What you are asked to do: No pictures should appear in the copy; otherwise retype the entries exactly.

════════════════

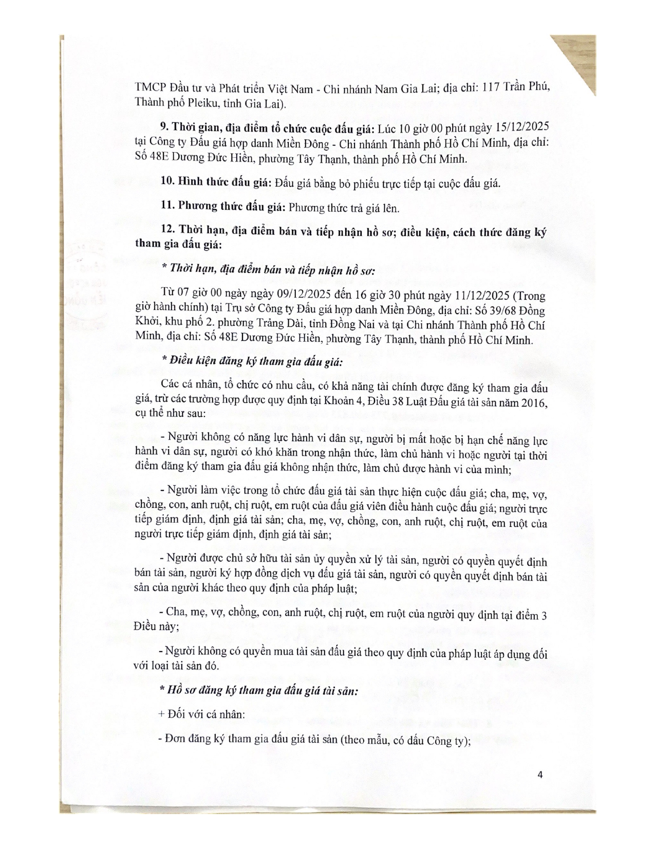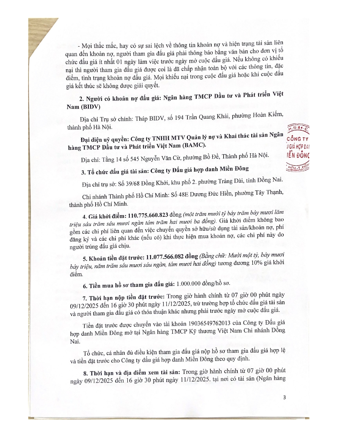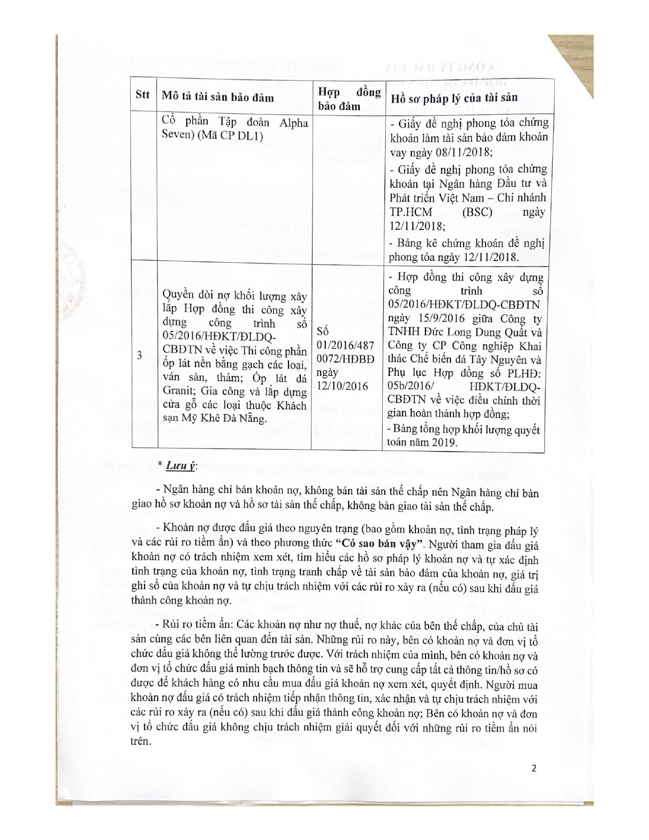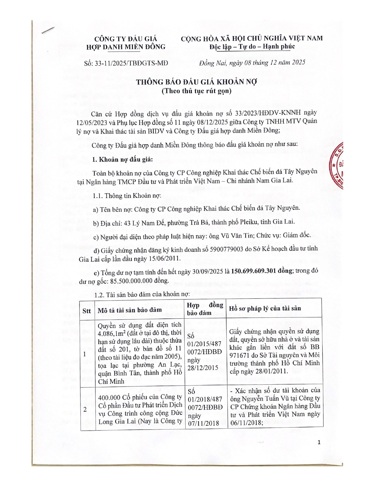 [08-12-2025] Thông báo đấu giá khoản nợ của Công ty CP Công nghiệp khai thác chế biến đá Tây Nguyên
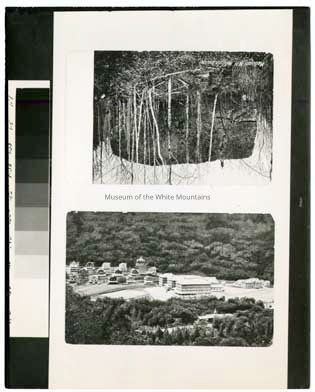 Scan of two photos from a photo album. The upper image is a postcard of the Madison Boulder in Madison, NH. The lower image is an aerial view of the New Profile House and cottages.
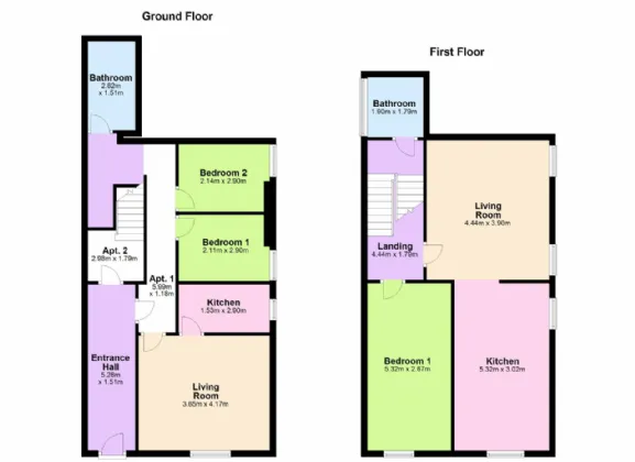 The property is presented over two floors and is currently separated into two apartments with accommodation briefly comprising of an entrance hall, living room, kitchen, two bedrooms and bathroom on the ground floor, a bathroom on the first floor return and a living room, kitchen and bedroom on the first floor. The house also boasts off street parking to the front.
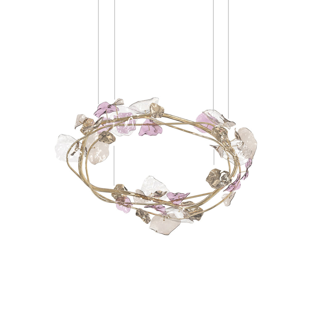 Brighten up your home with the Midsummer Chandelier from Lasvit. This stunning hanging piece, handcrafted with vibrant glass, embodies the warmth and beauty of summer. With a unique wreath pattern and sparkling internal LED light source, it can make a statement on its own or paired in multiple sizes for a custom lighting display.
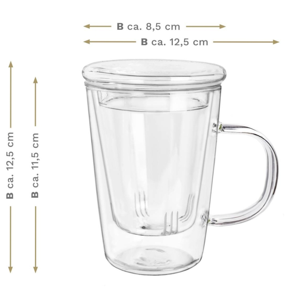 | Součásti balení | 1x skleněný hrnek, 1x skleněné sítko, 1x skleněné víčko |
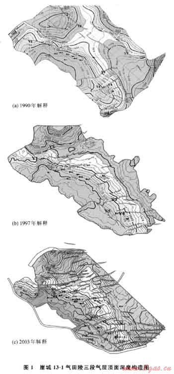 表1是1990年、1997年和2003年解釋的陵三段氣層頂(T62)、底(T70)構(gòu)造要素對比表。這幾次解釋的構(gòu)造走向均為北西 南東向(圖1),然而解釋的氣層頂面構(gòu)造圈閉面積、構(gòu)造幅度和最低圈閉線均有一定程度的變化,但在BP01資料基礎上研究得到的構(gòu)造圖在實鉆井深度、橫向壓力變化和氣水界面等方面均與實際資料最為吻合。
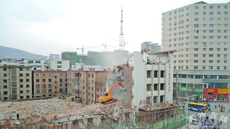 位于市六中南侧的原秦州区教体育办公楼因存在安全隐患于2018年初拆除后,如今原址已经建成了城市绿地,拓宽了城市空间。
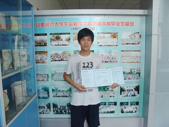 陈之龙同学是空军今年在安徽省普通高校本科毕业生中招收的3名空军飞行学员之一,也是我校唯一一名,这是陈之龙同学个人努力、家庭培养和学校教育的结果,是他个人、家庭、学校乃至安徽人民的光荣,我们对他即将成为一名光荣的空军飞行学员表示热烈的祝贺,祝愿他早日成长为一名优秀的祖国蓝天卫士!(生科院 王影)
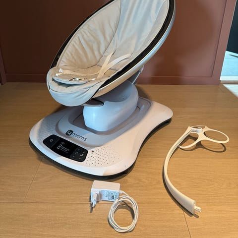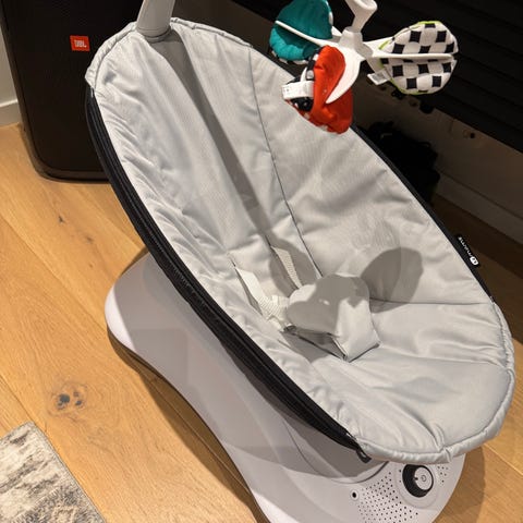 4moms mamaRoo barnestol med unik design for komfort og bevegelse. Stolen har et moderne utseende med mønstrede trekk og elektroniske funksjoner for å etterligne naturlige bevegelser.
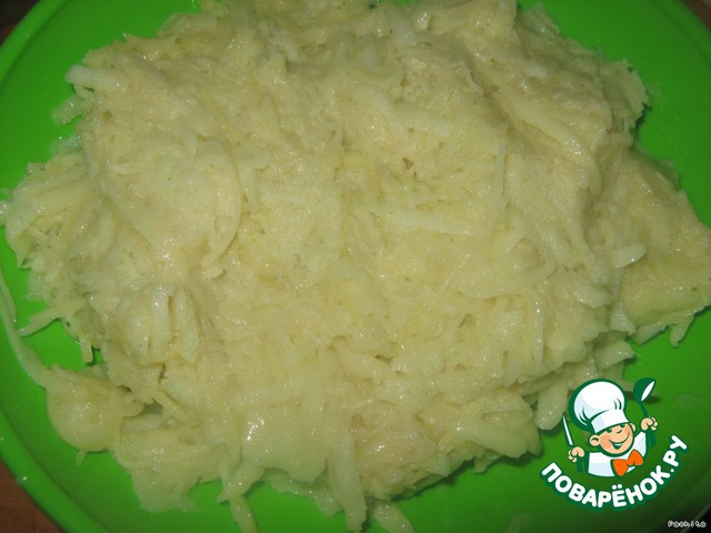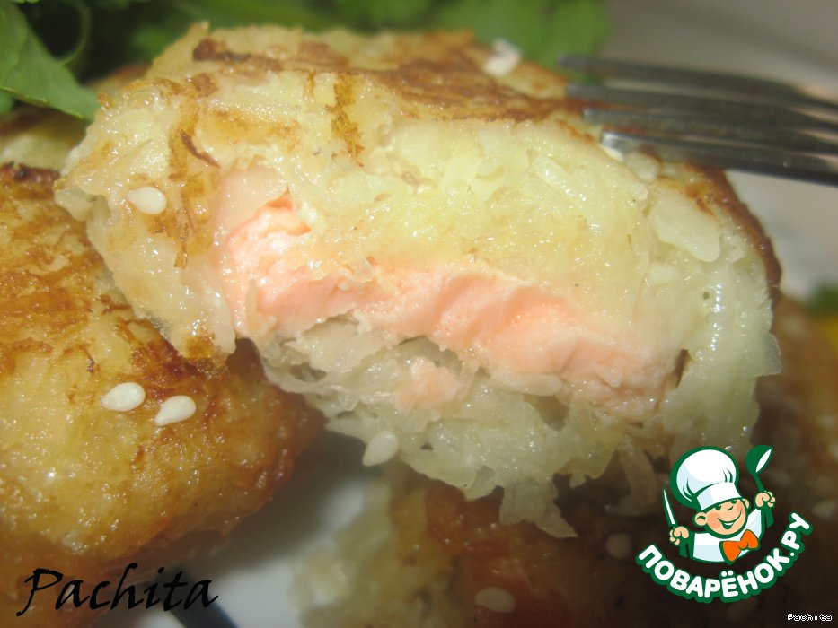 Облепить кусочек рыбы картофельно-яблочной смесью со всех сторон.
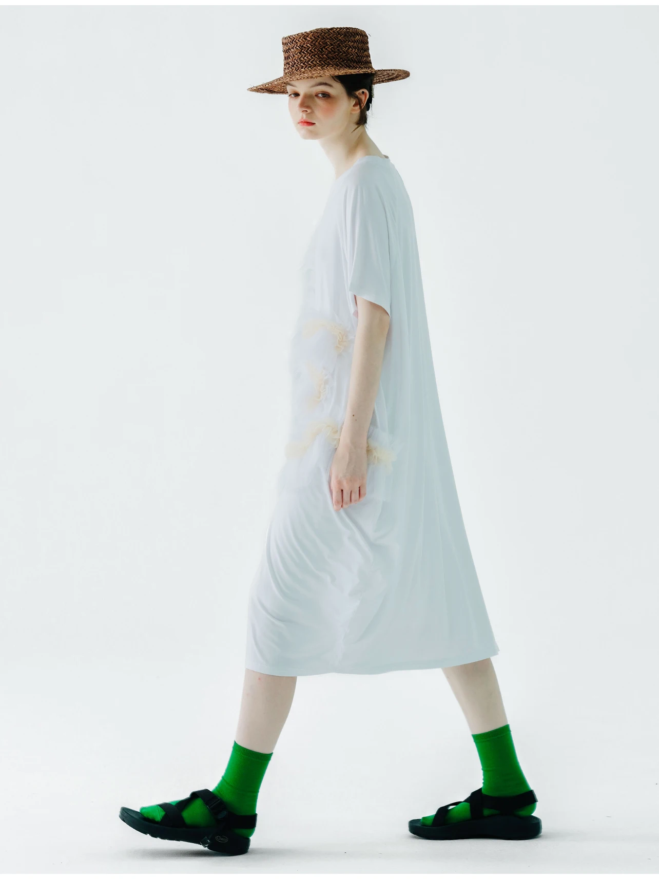 The dress is made of modal fabric, which is known for its softness, breathability, and drape. Modal is a type of rayon fabric derived from natural materials, such as beech trees, and it provides a smooth and luxurious feel against the skin. The modal fabric ensures comfort even in warm weather, allowing for airflow and preventing excessive sweating.
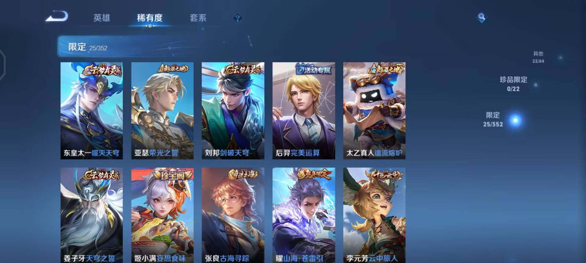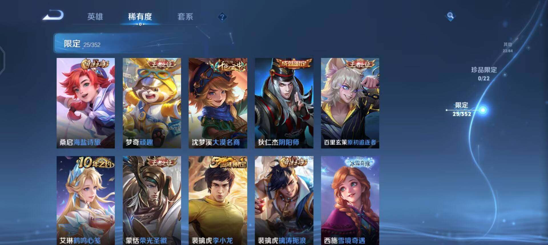 【限定皮肤】:姜子牙天穹之誓,狄仁杰阴阳师,项羽海滩派对,李元芳云中旅人,鬼谷子五谷丰年,百里玄策原初追逐者,梦奇顽趣,沈梦溪大漠名商,裴擒虎李小龙,裴擒虎擒
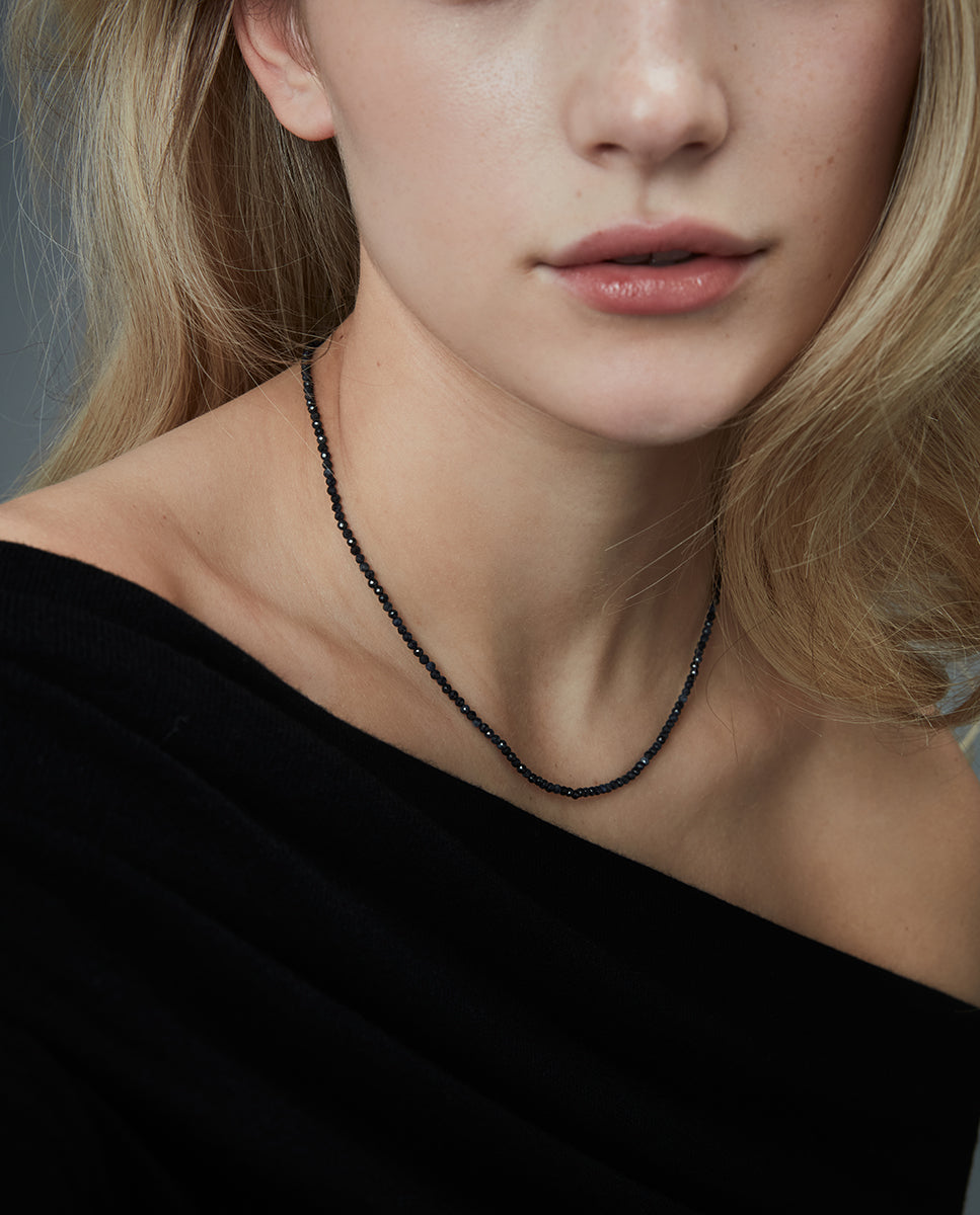Damenhalskette aus vergoldetem IP-Stahl mit natürlichen Saphirsteinen
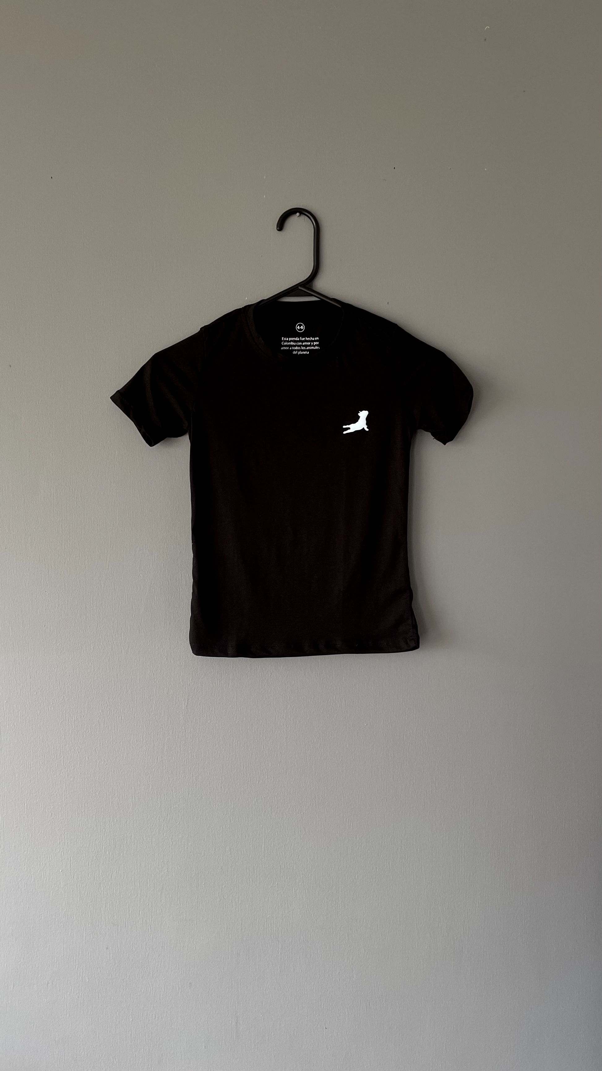 Camiseta cuello redondo color Negro de molde regular, elaborada en tela 100% algodón, intervenida con estampado en policromía de Bulldog en Posición Yoga en semialta densidad azul pastel en frente superior izquierdo.
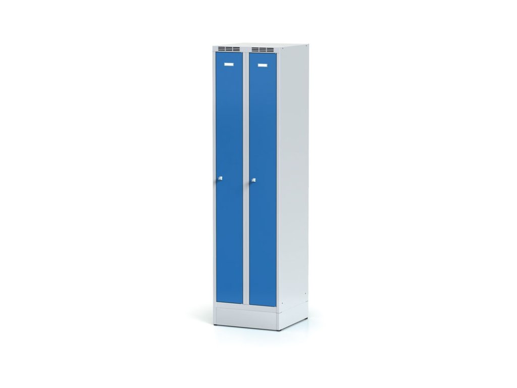 Zúžená kovová šatní skříňka na soklu, 2 oddíly, 1920 x 500 x 500 mm, otočný zámek, modré dveře
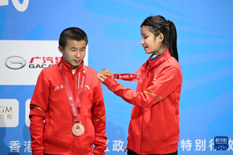 12月13日,江西队组合饶洪南/黄乃林(右)在颁奖仪式上。他们获得混合12-15岁组双打A组季军。
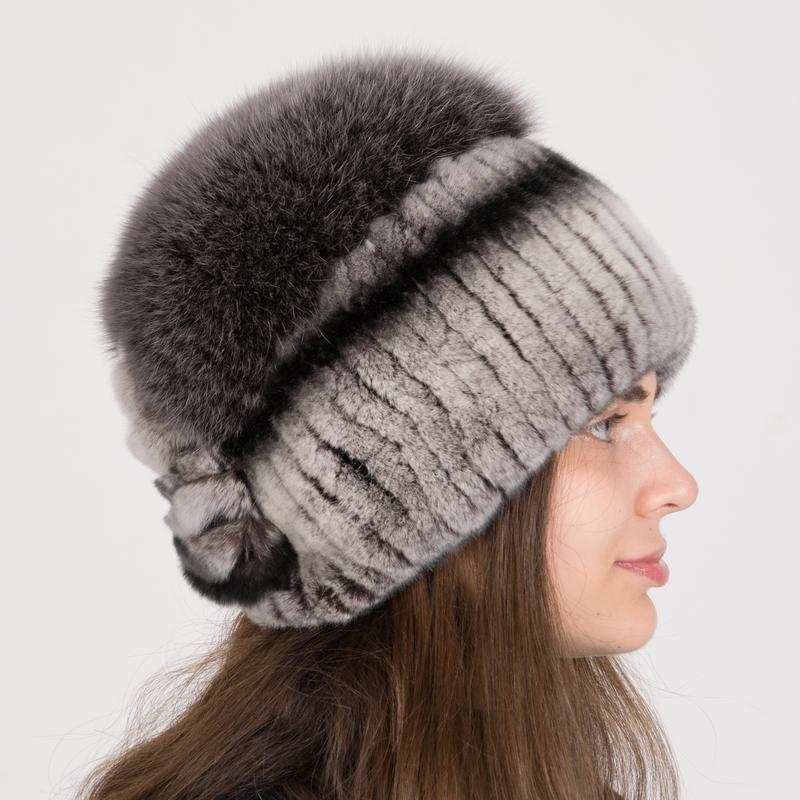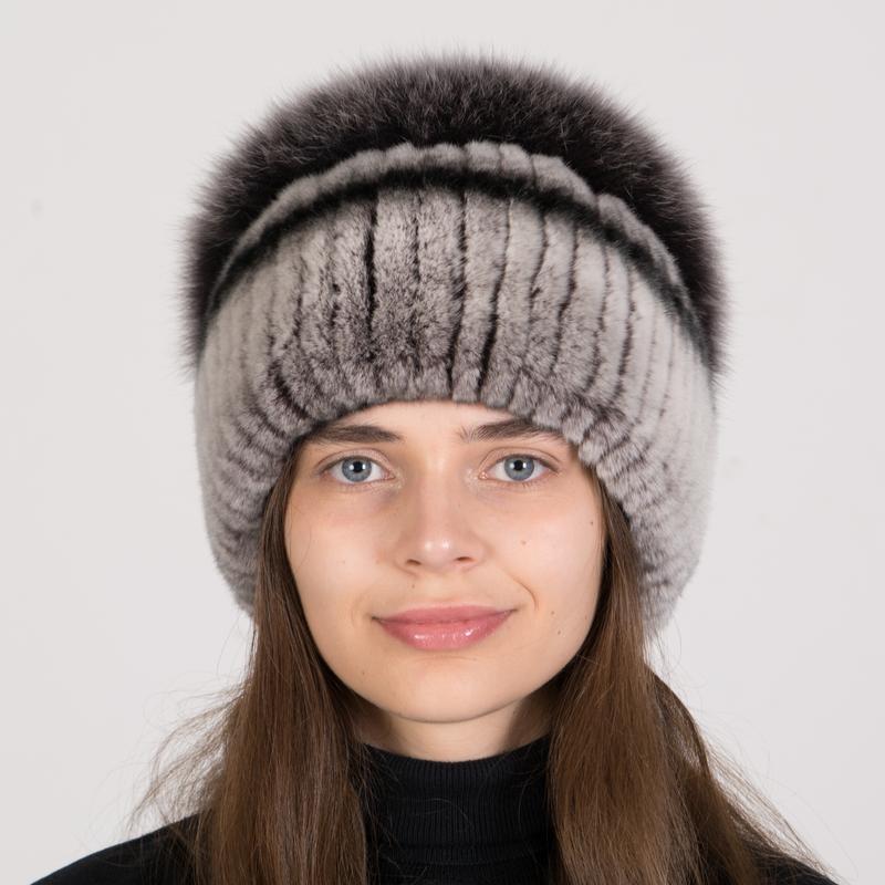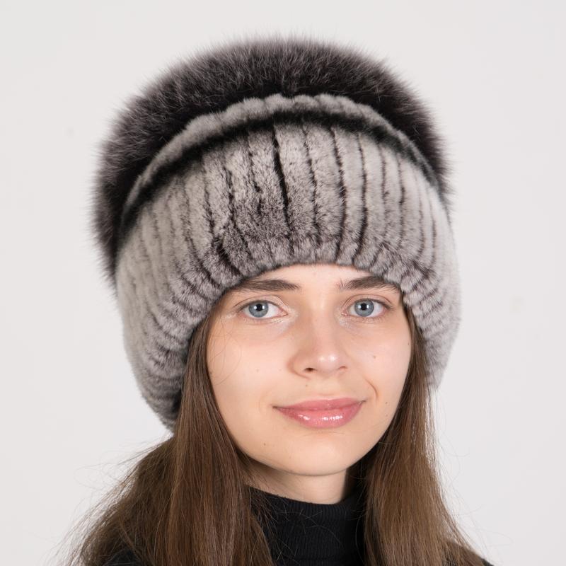 Женская зимняя меховая вязаная шапка из натурального меха кролика с помпоном из меха песца — идеальный аксессуар для стильных женщин, которые ценят комфорт и элегантность в холодное время года.

════════════════

Final answer:
 [08-12-2025] Thông báo đấu giá khoản nợ của Công ty CP Công nghiệp khai thác chế biến đá Tây Nguyên
 Scan of two photos from a photo album. The upper image is a postcard of the Madison Boulder in Madison, NH. The lower image is an aerial view of the New Profile House and cottages.
 The property is presented over two floors and is currently separated into two apartments with accommodation briefly comprising of an entrance hall, living room, kitchen, two bedrooms and bathroom on the ground floor, a bathroom on the first floor return and a living room, kitchen and bedroom on the first floor. The house also boasts off street parking to the front.
 Brighten up your home with the Midsummer Chandelier from Lasvit. This stunning hanging piece, handcrafted with vibrant glass, embodies the warmth and beauty of summer. With a unique wreath pattern and sparkling internal LED light source, it can make a statement on its own or paired in multiple sizes for a custom lighting display.
 | Součásti balení | 1x skleněný hrnek, 1x skleněné sítko, 1x skleněné víčko |
 表1是1990年、1997年和2003年解釋的陵三段氣層頂(T62)、底(T70)構(gòu)造要素對比表。這幾次解釋的構(gòu)造走向均為北西 南東向(圖1),然而解釋的氣層頂面構(gòu)造圈閉面積、構(gòu)造幅度和最低圈閉線均有一定程度的變化,但在BP01資料基礎上研究得到的構(gòu)造圖在實鉆井深度、橫向壓力變化和氣水界面等方面均與實際資料最為吻合。
 位于市六中南侧的原秦州区教体育办公楼因存在安全隐患于2018年初拆除后,如今原址已经建成了城市绿地,拓宽了城市空间。
 陈之龙同学是空军今年在安徽省普通高校本科毕业生中招收的3名空军飞行学员之一,也是我校唯一一名,这是陈之龙同学个人努力、家庭培养和学校教育的结果,是他个人、家庭、学校乃至安徽人民的光荣,我们对他即将成为一名光荣的空军飞行学员表示热烈的祝贺,祝愿他早日成长为一名优秀的祖国蓝天卫士!(生科院 王影)
 4moms mamaRoo barnestol med unik design for komfort og bevegelse. Stolen har et moderne utseende med mønstrede trekk og elektroniske funksjoner for å etterligne naturlige bevegelser.
 Облепить кусочек рыбы картофельно-яблочной смесью со всех сторон.
 The dress is made of modal fabric, which is known for its softness, breathability, and drape. Modal is a type of rayon fabric derived from natural materials, such as beech trees, and it provides a smooth and luxurious feel against the skin. The modal fabric ensures comfort even in warm weather, allowing for airflow and preventing excessive sweating.
 【限定皮肤】:姜子牙天穹之誓,狄仁杰阴阳师,项羽海滩派对,李元芳云中旅人,鬼谷子五谷丰年,百里玄策原初追逐者,梦奇顽趣,沈梦溪大漠名商,裴擒虎李小龙,裴擒虎擒
Damenhalskette aus vergoldetem IP-Stahl mit natürlichen Saphirsteinen
 Camiseta cuello redondo color Negro de molde regular, elaborada en tela 100% algodón, intervenida con estampado en policromía de Bulldog en Posición Yoga en semialta densidad azul pastel en frente superior izquierdo.
 Zúžená kovová šatní skříňka na soklu, 2 oddíly, 1920 x 500 x 500 mm, otočný zámek, modré dveře
 12月13日,江西队组合饶洪南/黄乃林(右)在颁奖仪式上。他们获得混合12-15岁组双打A组季军。
 Женская зимняя меховая вязаная шапка из натурального меха кролика с помпоном из меха песца — идеальный аксессуар для стильных женщин, которые ценят комфорт и элегантность в холодное время года.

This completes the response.